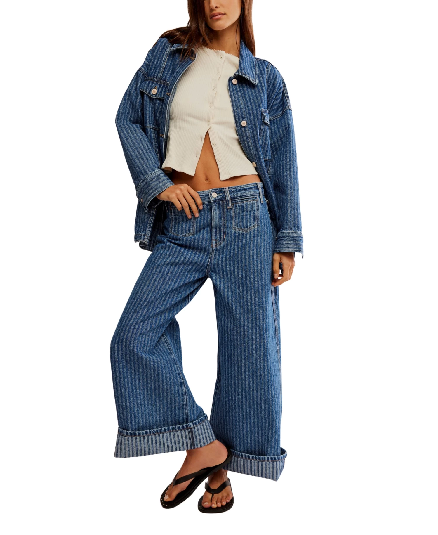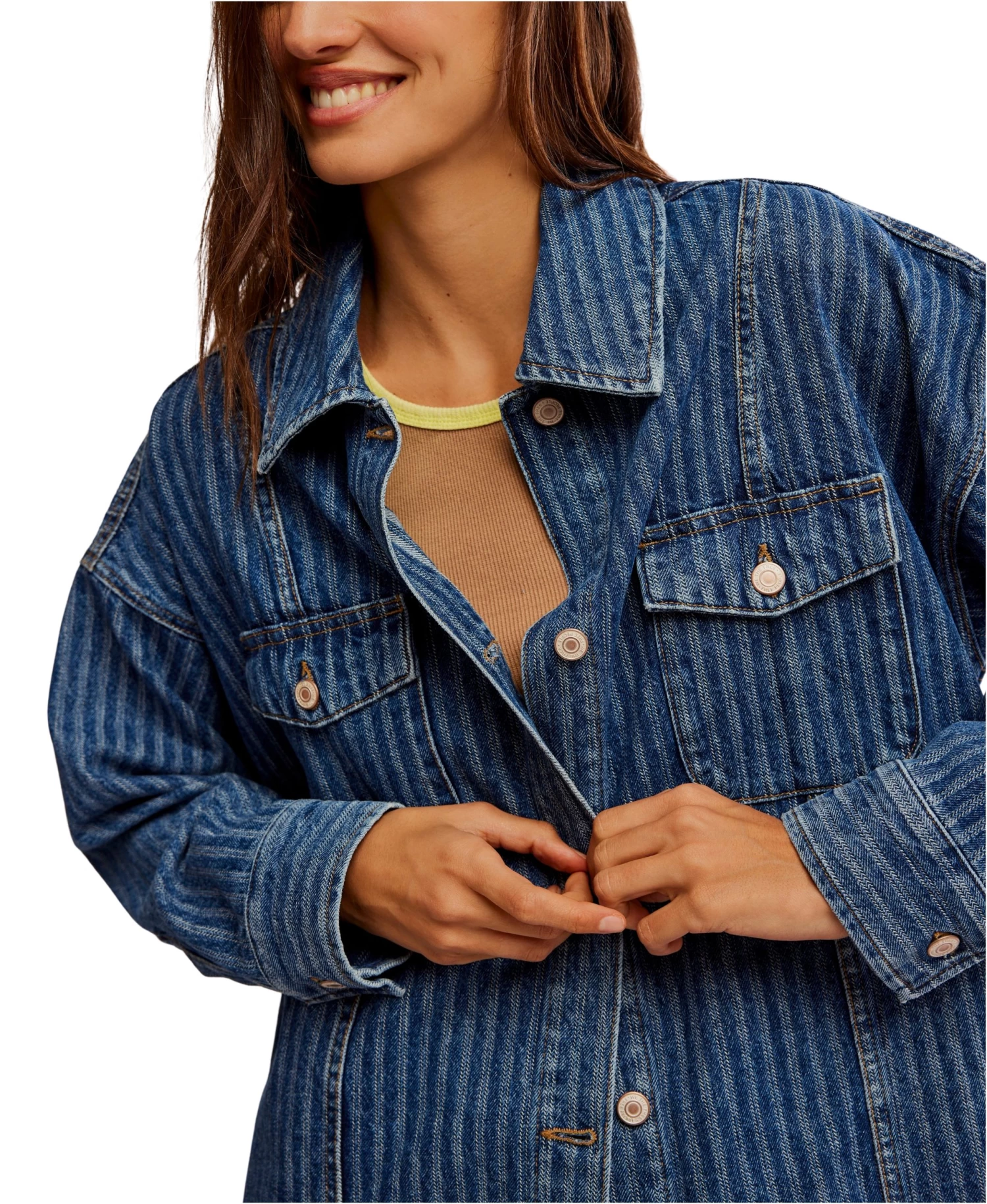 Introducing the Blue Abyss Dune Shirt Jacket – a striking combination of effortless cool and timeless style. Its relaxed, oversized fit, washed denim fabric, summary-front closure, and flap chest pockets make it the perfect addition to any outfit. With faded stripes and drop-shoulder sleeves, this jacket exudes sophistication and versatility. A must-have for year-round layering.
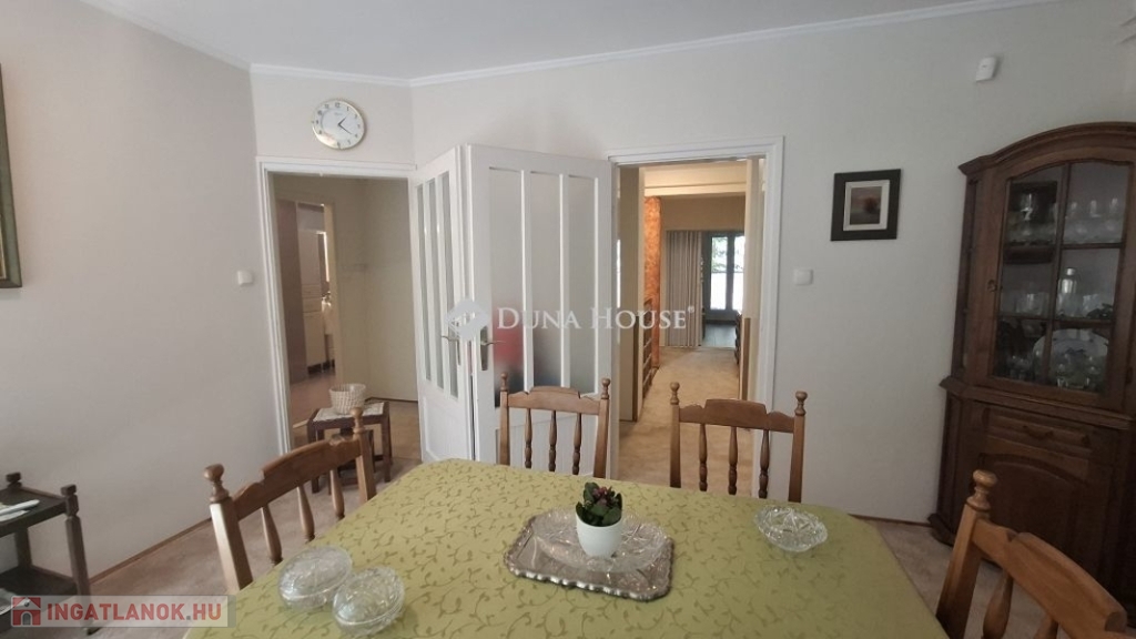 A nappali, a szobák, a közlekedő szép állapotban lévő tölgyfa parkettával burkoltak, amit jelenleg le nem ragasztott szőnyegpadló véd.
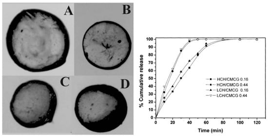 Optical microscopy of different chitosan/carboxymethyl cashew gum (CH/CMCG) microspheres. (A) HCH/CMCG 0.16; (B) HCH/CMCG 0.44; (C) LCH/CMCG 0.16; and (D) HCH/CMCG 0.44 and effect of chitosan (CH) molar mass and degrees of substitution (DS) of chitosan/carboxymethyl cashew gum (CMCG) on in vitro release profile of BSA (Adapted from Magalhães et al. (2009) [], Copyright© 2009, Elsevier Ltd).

• • • • •

**About this exercise**
The full listing, reproduced exactly and without pictures, is the expected output.

**Exercise output**
 Introducing the Blue Abyss Dune Shirt Jacket – a striking combination of effortless cool and timeless style. Its relaxed, oversized fit, washed denim fabric, summary-front closure, and flap chest pockets make it the perfect addition to any outfit. With faded stripes and drop-shoulder sleeves, this jacket exudes sophistication and versatility. A must-have for year-round layering.
 A nappali, a szobák, a közlekedő szép állapotban lévő tölgyfa parkettával burkoltak, amit jelenleg le nem ragasztott szőnyegpadló véd.
 Optical microscopy of different chitosan/carboxymethyl cashew gum (CH/CMCG) microspheres. (A) HCH/CMCG 0.16; (B) HCH/CMCG 0.44; (C) LCH/CMCG 0.16; and (D) HCH/CMCG 0.44 and effect of chitosan (CH) molar mass and degrees of substitution (DS) of chitosan/carboxymethyl cashew gum (CMCG) on in vitro release profile of BSA (Adapted from Magalhães et al. (2009) [], Copyright© 2009, Elsevier Ltd).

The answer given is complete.